Кулинар - Александр Варго
Шрифт:
Интервал:
Закладка:
Он-то думал, что нет ничего проще, чем приготовить вареную рыбу. Отец сводил этот процесс к простому погружению рыбы в воду. Он вешал над огнем котелок, солил воду, кидал в нее только что пойманных ершей или карасиков, сдабривал эту нехитрую смесь лавровым листом и ждал, недовольно хмурясь, словно досадовал на медленное закипание.
Тогда Александр еще ходил с отцом на рыбалку. Но потом все чаще и чаще стал отлынивать от этого, по словам Максимилиана Георгиевича, мужского занятия. Приказной тон и солдафонский юмор отца действовали на него угнетающе. Чтобы скрыть слезы, он отворачивался, кусая губы и проклиная про себя домашнего деспота. У последнего никогда ни на что не хватало терпения – будь то продвижение по службе, на его взгляд, слишком медленное (отец был убежден, что не ценят), воспитание детей или приготовление блюд.
Александр почувствовал, как к горлу подступает комок. Он посмотрел на тетю Машу. Она что-то говорила, но слов он не слышал. Ее голос истончился до лучика света.
– Ну не надувательство ли! – восклицала она. – Я ему говорю: посмотри на эти жабры. Разве это жабры свежей рыбы? Такие темные, словно рыба неделю пролежала без дела! Он мне подсовывает другого налима – а у того жабры белые. Я ему говорю: ты ж ее уже раз замораживал. Он мне: ну ты, мать, придирчивая. А я ему: ты взгляни в глаза этой рыбе! Они не полные, не светлые, а мутные и ввалившиеся.

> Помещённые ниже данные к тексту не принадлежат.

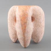 Mogelijk Monique Neyzen (hedendaags), abstract stenen beeld in de vorm van drie verbonden poten, deels gepolijst en deels bewerkt, niet gesigneerd, 33 × 30 × 24 cm

Александр рассеянно кивал. Перед ним стояла другая тетя Маша – более молодая, с гладким терпеливым лицом, с теребящими петрушку руками. А на полочке шкафа лежало ее обручальное кольцо с тремя маленькими жемчужинами. Она всегда снимала его перед тем, как взяться за готовку или уборку.
«После лука – черед петрушки и сельдерея. Берем только корешок петрушки и три веточки сельдерея – достаточно, – объясняла она принцип приготовления отвара для варки рыбы, – потом полторы ложки соли, четыре горошины перца (нужно их раздавить), один цветочек гвоздики, один лавровый лист, четверть чайной ложки чабреца. Доводим до кипения и варим на медленном огне полчаса. Процеживаем. На кило рыбы нужно брать литр отвара».
У Александра по языку растекся тошнотворно-сладкий, волокнисто-склизкий вкус корня петрушки. Он вернул его на двадцать лет назад. Ноги его ощутили скользкий ил прибрежной кромки пруда, в ушах захлюпала мутная холодная влага. Он поежился, раздвинул руками упрямые стебли камыша. Втянул ноздрями исходящий от их корней гнилостный аромат растительного разложения. Он любил эту затхлую поволоку, одевавшую летнее утро влажным блеском взбаламученного ила. Вода пропиталась запахом камыша, его древесно-зеленый вкус плыл над поверхностью пруда размоченным хлебом.
И тут на глади возникла мелкая рябь, потянувшая за собой дрожащую нить бликов. На Александра пахнуло сонной горечью чабреца и горячей роскошью гвоздики.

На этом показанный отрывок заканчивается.